Graph memory, privacy filtering, sidecar indexes, pgvector semantic retrieval, and consolidation.
- Graph memory is canonical; derived indexes are maintained from graph writes.
- Every memory item has an explicit scope: tenant, workspace, and optional workspace-bound user.
- Writes are attributable, bitemporal, privacy-classified, and auditable.
- Retrieval combines graph structure, sidecar filters, keyword search, and vector similarity.
- Memory is part of the learning pipeline, not a separate cache.
The graph stack (moa-memory-graph, moa-memory-vector, moa-memory-pii, moa-memory-ingest) is the only memory subsystem. See crates/moa-memory/README.md for crate-level details and docs/architecture/type-placement.md for ownership rules.
| Scope | Contents |
|---|---|
| Global | Organization-wide conventions, shared concepts, promoted facts |
| Workspace | Project architecture, conventions, decisions, sources, and reusable lessons |
| User | Workspace-bound preferences, habits, and corrections for one user |
Graph writes set scope context before touching Postgres. Row-level security, changelog rows, sidecar projections, and vector records all use the same scope boundary.

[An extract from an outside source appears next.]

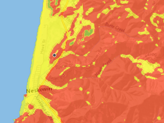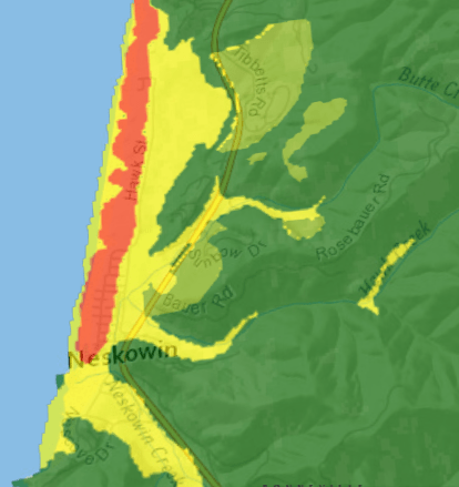 In the event of a 9.0 megathrust earthquake, residents of Neskowin will have no more than 20 minutes to get to high ground. Areas highlighted in blue — including the iconic “Proposal Rock” offshore — are expected to be submerged.

Memory is stored as typed graph nodes:
EntityConceptDecisionIncidentLessonFactSource
Edges represent relationships, evidence, provenance, supersession, contradiction, and source attribution. Bitemporal validity lets new facts supersede older facts without erasing history.
moa-memory-graph owns the graph tables and SQL sidecars used by operational reads. The sidecars provide fast filters for labels, names, scopes, timestamps, and active validity windows.
moa-memory-vector owns vector storage for semantic retrieval. Embeddings are written for graph nodes that should participate in retrieval, and hybrid retrieval fuses graph/sidecar candidates with vector hits. The default backend is pgvector; large or isolation-sensitive workspaces can opt into Turbopuffer namespaces through workspace_state.vector_backend.
Embedder selection is per workspace. cohere-embed-v4 and gemini-embedding-2 use incompatible vector spaces, so switching a workspace requires re-embedding its graph nodes before retrieval can safely use the new model. Gemini Embedding 2 is exposed as a text-only Embedder today; its API supports multimodal inputs, but MOA needs a separate multimodal chunker and embedder trait before image, audio, video, or PDF chunks are indexed.
Gemini Embedding 2 does not use a task_type request field. MOA encodes asymmetric retrieval through role-specific prompt prefixes inside the embedder: ingestion-side embedders use the document prefix and retrieval-side embedders use a search-query prefix.
Indexes are write-incremental. There is no user-facing rebuild-index command for graph memory.
Memory enters the graph through two routes:
- Slow path:
moa-memory-ingestprocesses longer source text or turns through the ingestion VO. It chunks content, extracts facts/entities, classifies privacy, writes nodes and edges, embeds retrievable records, and records contradictions. - Fast path: short observations use remember/forget/supersede APIs for direct graph writes with the same scope and privacy controls.
PII classification runs before durable memory writes. Sensitive text is either filtered, redacted, or tagged according to the privacy class and policy.
The memory processor runs after query rewriting and before history compilation. It uses the rewritten query when available, otherwise it extracts keywords from the latest user message.
It inserts ranked graph hits with labels, names, properties, provenance, and concise snippets. Memory content is inserted near the active turn so static prompt prefix caching remains stable.
Workspace consolidation is a scheduled maintenance pass. In cloud mode it is the Consolidate Restate workflow. Locally it runs through the local maintenance path.
Consolidation can:
- resolve contradictions with superseding edges
- prune or expire stale facts
- merge duplicate nodes
- refresh sidecar and vector projections
- record memory learning entries for audit
Successful consolidation appends a memory_updated entry to learning_log.
Memory is one output of the broader learning loop:
Task segments
-> resolution scores
-> learning_log
-> skill ranking, intent discovery, graph memory consolidation
Graph memory describes current knowledge; learning_log explains how and when a learned update entered the system.